The TMSI is a temporary number used instead of the IMSI to identify an

MS. It raises the subscriber’s confidentiality and is known within the

serving MSC/VLR-area and changed at certain events or time intervals.

The structure of the TMSI may be chosen by each administration but

should have a maximum length of four octets (8 digits).

International Mobile station Equipment Identity (IMEI)

The IMEI is used for equipment identification. An IMEI uniquely identifies a

mobile station as a piece or assembly of equipment. (See IMEI, chapter 5.)

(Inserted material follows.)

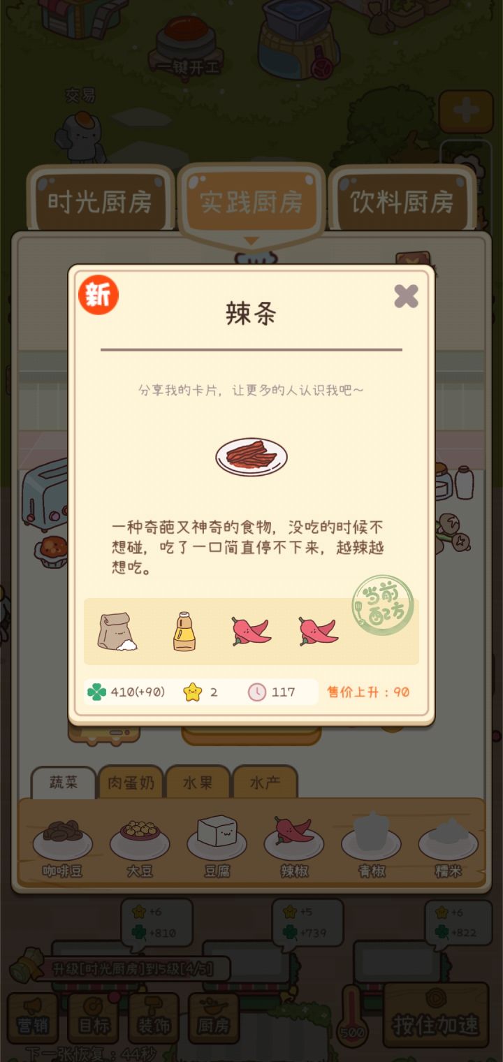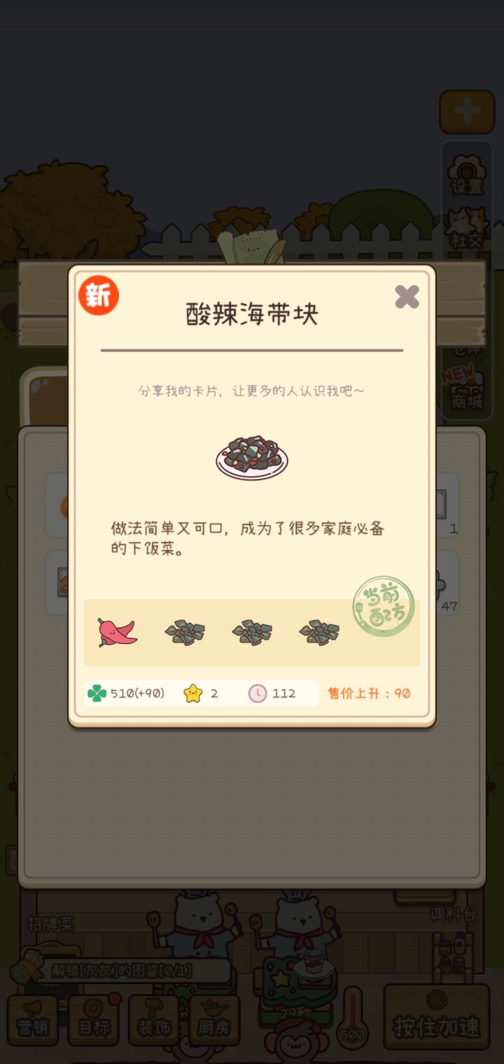 谢谢各位大佬的食谱 ,整合一下 ,存个档 ,还有很多不完整的,待整理----------------------------①鱿鱼丝【全】1.鱿鱼2.鱿鱼 芥末3.鱿鱼 蜂蜜4.鱿鱼 黄油 黑胡椒 蜂蜜5.鱿鱼 黄油6.鱿鱼 黑胡椒 黑胡椒7.鱿鱼 鱿鱼 辣椒 辣椒8.姜 姜 鱿鱼 琼浆 辣椒②猫耳朵【全】1.面粉 面粉2.蘑菇 黄豆 面粉3.蘑菇 鸡蛋 面粉 葱4.

IMEI = TAC + FAC + SNR + sp

TAC = Type Approval Code (6 digits), determined by a central GSM body

FAC = Final Assembly Code (2 digits), identifies the manufacturer

SNR = Serial Number (6 digits), an individual serial number of six digits

uniquely identifying all equipment within each TAC and FAC

sp = spare for future use (1 digit)

According to the GSM specification, IMEI has the length of 15 digits.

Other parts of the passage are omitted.